Ontario’s draft law requires organizations to obtain an individual’s consent before they collect, use or disclose personal information. (It also covers information collected before the legislation comes into effect.) Express consent from the employee to collect and use types of information for a specific purpose is required except in a situation that falls under the definition of “implied consent.” Implied consent means the purpose of the information was reasonably obvious to the individual and it is reasonably obvious to expect that the individual would consent.

In almost every case, however, the information cannot be used for a purpose other than that for which it was originally collected. When express consent is required, the bill also requires that it be “informed” consent (defined in the draft legislation) and voluntary, i.e. consent cannot be obtained through deception or coercion.

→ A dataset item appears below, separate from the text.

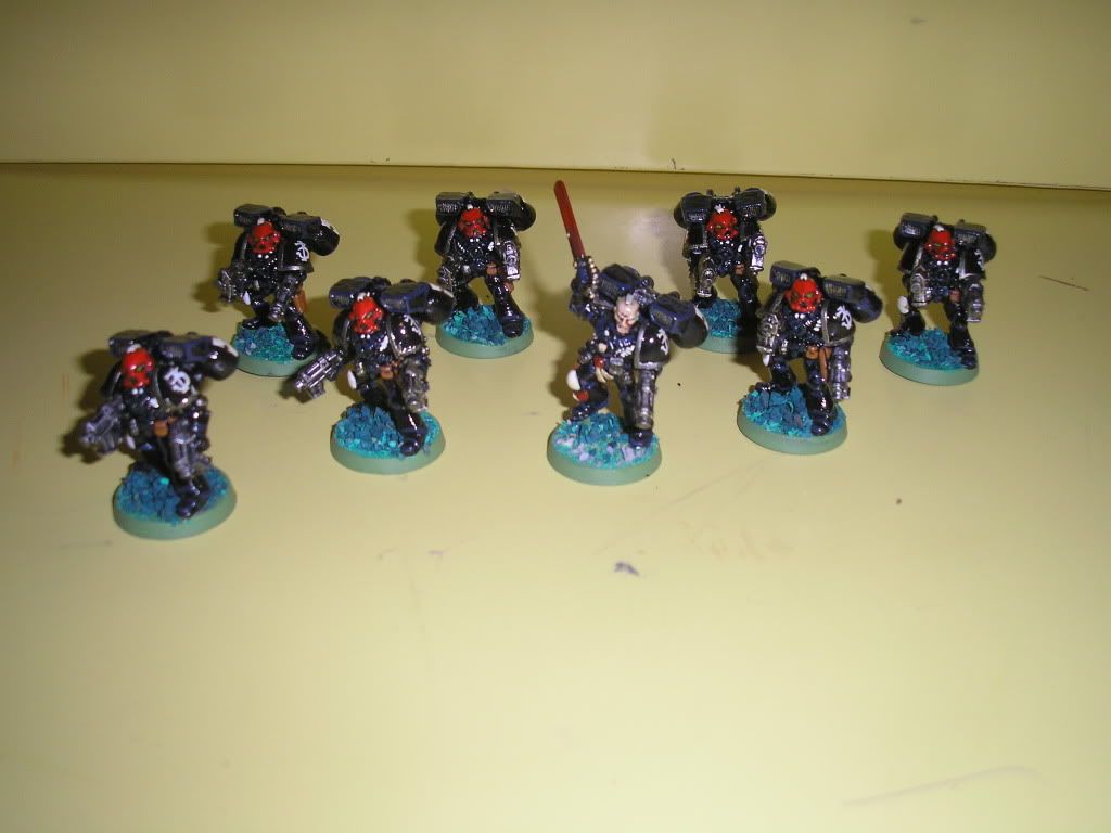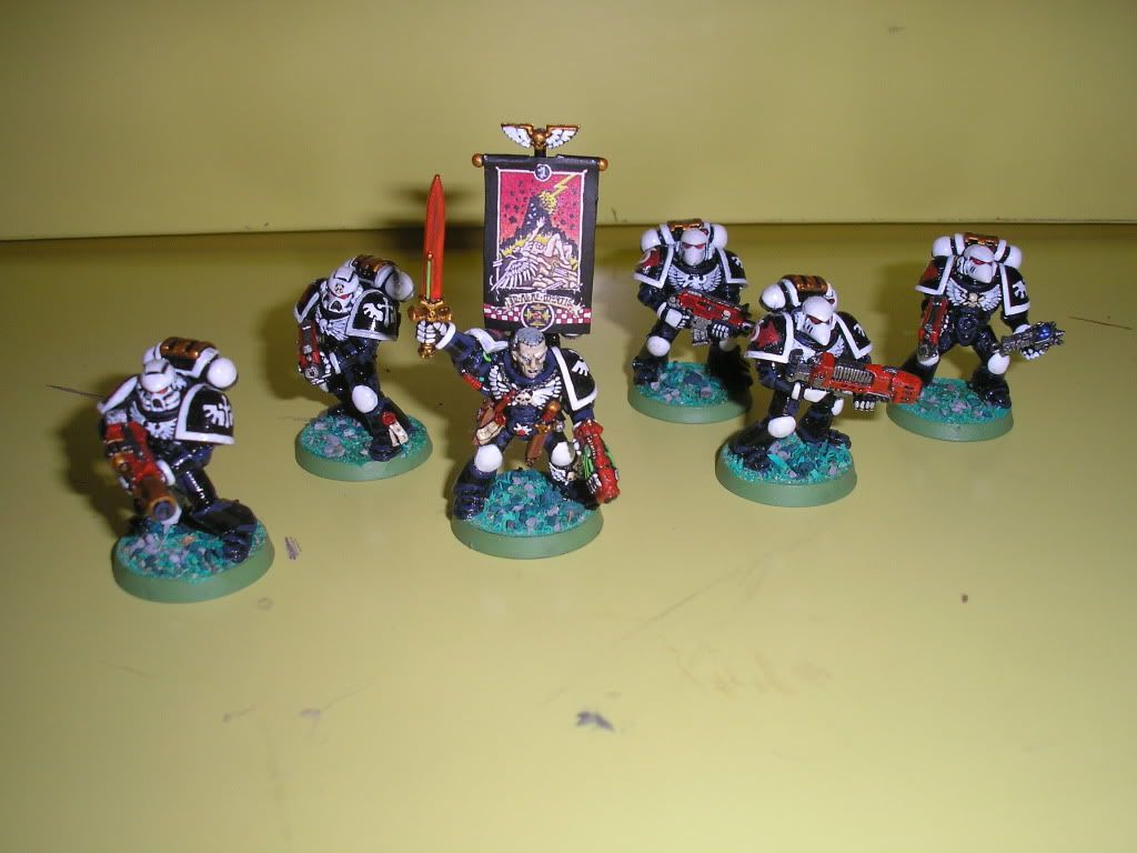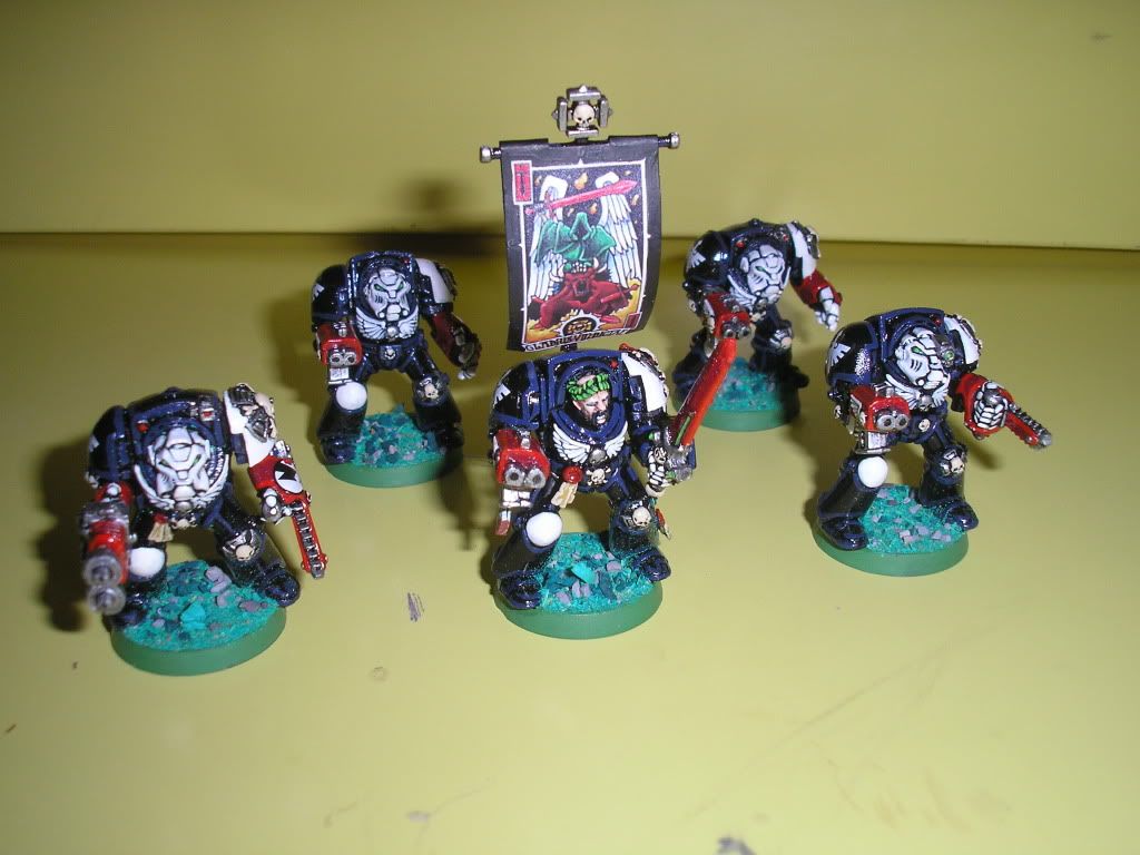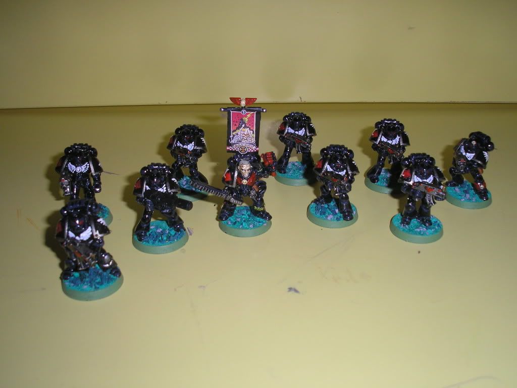 Se trata de un Capítulo de la Segunda Creación, los Angeles de Venganza. Está basado en el color original de los Angeles Oscuros, cuando la armadura era negra... (si encuentro el primer libro -un folleto en realidad- sobre cómo pintar marines espaciales, donde aparecían los primeros capítulos, le saco una foto y la subo... al menos los han mantenido en la última versión de codex)

This provision likely means, Wilson says, that employers will not be able to make consent a condition of employment. So, any attempt to get around the law by forcing present and prospective employees to sign a “blanket” consent — giving the employer a carte blanche to collect and use personal information as it deems fit — probably won’t stand up in court.

More work for employers

Ontario’s proposed law would also require employers to:

retain and disclose to the employee, on request, detailed records about personal information disclosures to third parties (e.g. information about employee claims to benefit providers);

appoint staff who would be responsible for ensuring compliance with the Act;

prepare a written privacy policy and make it available to employees. The policy will have to include information about the organization’s employee information management practices, how employees can access their personal information and how they can make a complaint to the provincial privacy commissioner.

Other provinces have indicated they intend to bring in their own legislation that will meet the “substantially similar to PIPEDA test.” For example, British Columbia released a consultation paper on private-sector privacy legislation earlier this year. Some smaller provinces and territories are expected to just let the federal legislation take effect in their jurisdictions come January 1, 2004.

In Ontario, a spokesperson for the Ministry of Consumer and Business Services said submissions from industry associations, privacy proponents and others were currently being studied and a revised draft is expected this fall, once the government reconvenes after its summer recess. Under former Premier Mike Harris, the government had vowed to see the legislation proclaimed by the end of 2002, but it’s not known whether new Premier Ernie Eves will see it as the same kind of priority.

Shelley Boyes is a freelance writer in Toronto.